Management of bone loss following severe open tibial shaft fracture is a challenge for orthopaedic surgeons. Secondary skeletal defects due to infected nonunion may require bone grafts,1 extensive debridement and local soft tissue rotational flaps,2,3 packing of the defects with Papineau-type open cancellous bone grafting,4 tibiofibular synostosis,5,6 and free microvascular soft tissue and bone transplants.7-9 The Ilizarov technique entails a segmental bone transport in which corticotomy is performed in the metaphysis and the bone is gradually distracted. The bone is thus lengthened by callus distraction and the defect gradually closed.10

Segmental bone transport is used for large bone defects of >6 cm. Smaller defects (<6 cm) are treated by acute compression at the defect site with gradual lengthening by metaphyseal corticotomy.11,12 Many authors have reported high complication rates, having to resort to further secondary procedures, and lengthy external fixation times with bone transport.13-18 Delay in the formation of regenerate at the distracted gap prolongs the external fixation time. The healing at the target site does not begin until intercalary fragment lengthening is achieved. Instability of the frame may cause delay in the regenerate formation and require additional procedures to maintain alignment, such as wire exchange and frame adjustment. Malunion and malalignment at the docking site can occur because of improper application of the Ilizarov assembly. Soft tissue interposition at the docking site prevents good compression. The transported segment of bone may deviate as it passes through soft tissue; this may lead to translation at the docking site.
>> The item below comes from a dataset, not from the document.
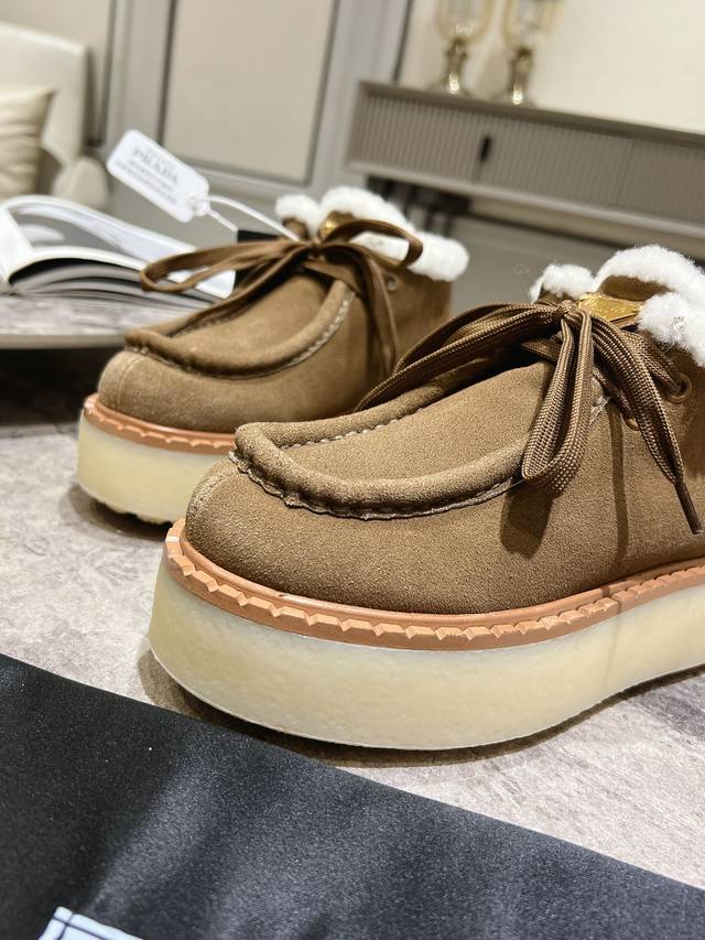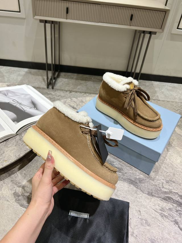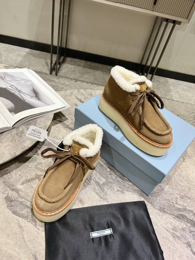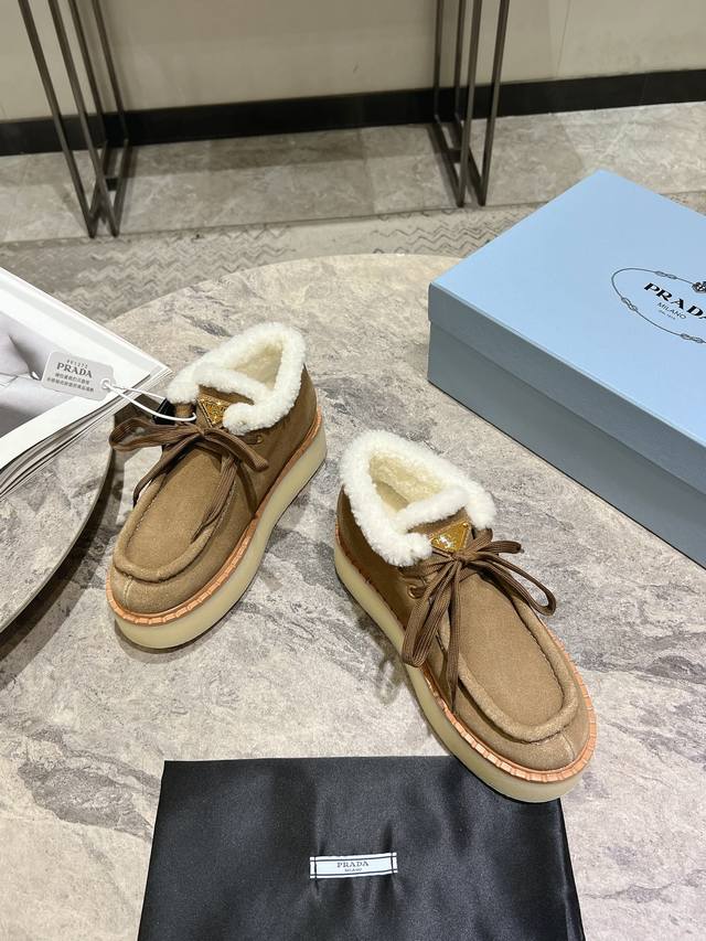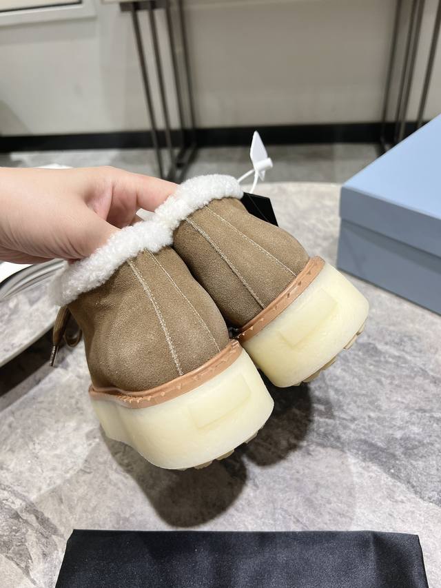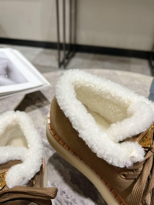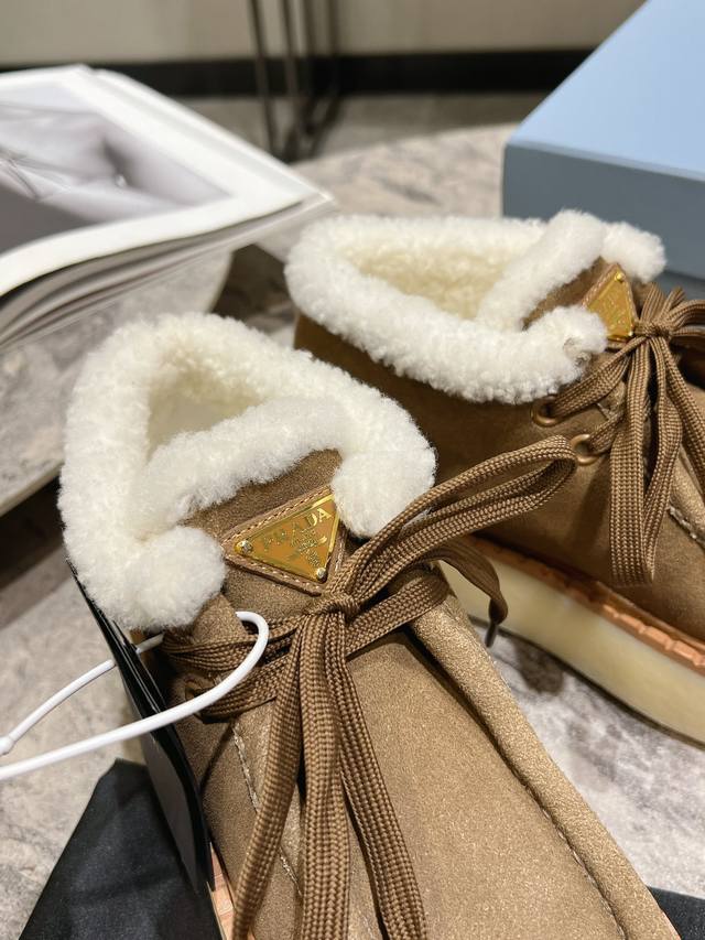 Parda# 普拉达秋冬新款△三角标厚底靴 系带雪地靴 双色擦色牛绒真羊羔毛 真皮沿条 双色Tpu大底 Size:35-39 40 41定做不退换

Bone grafting is necessary if the contact area at the docking site is small. The leading edge of the transported segment is relatively avascular.19 This may delay union unless the sclerotic end is trimmed. The choice between acute compression and bone transport for large bone defects has not been widely discussed.12 The safety margin for the amount of acute compression at the defect site has not been described in the literature. We aimed to demonstrate the success of treating large infected tibial defects by resection of the infected focus, acute compression of the focus, and subsequent gradual distant site lengthening.

MATERIALS AND METHODS

Figure 1 illustrates the surgical technique of acute compression of the nonunion site and gradual distraction of the distant site. All patients underwent complete resection of the infected/necrotic bone, debridement of the soft tissue, and lavage. At the nonunion site, in 21 patients a transverse skin incision was used for debridement and resection, and a curvilinear-shaped incision was made for the same purpose in the remaining 6. These types of incisions were employed to avoid the problems of wound closure associated with a longitudinal incision. The mean length of the resections was 10 (range, 6-17) cm; part of the fibula at the nonunion site was resected to facilitate the process of acute compression. A preassembled Ilizarov ring fixator was applied after thorough debridement. A 4-ring apparatus was usually used: pairs of 1.8-mm wires were placed in the proximal tibia with adequate tensioning; a second ring was placed below the level of proximal corticotomy with a pair of tensioned wires; a third pair of wires connected to an intermediate ring was placed 5 cm proximal to the distal end of the proximal fragment. Acute compression of the defect site was achieved by approximating the distal segment with the proximal segment. During this process, the vascularity of the limb was carefully monitored using a hand-held Doppler. The distal segment of the limb was stabilised by placing fourth and fifth rings with a pair of adequately tensioned transosseous wires. Acute compression was maintained after verifying the approximation between the segments and checking the alignment of the bone under an image intensifier. As soft tissue redundancy (induced by acute shortening) could cover the debrided site, any such excess skin was excised to achieve a good wound closure. To attain gradual simultaneous limb lengthening and to restore loss of length at the defect, acute compression of the site was followed by proximal site metaphyseal corticotomy. The site of surgery was at mid-tibia in 17 patients. 13 patients had had previous treatment of soft tissue for redundency. 17 patients had diffuse infections, and in the remaining 10 the infections were localised.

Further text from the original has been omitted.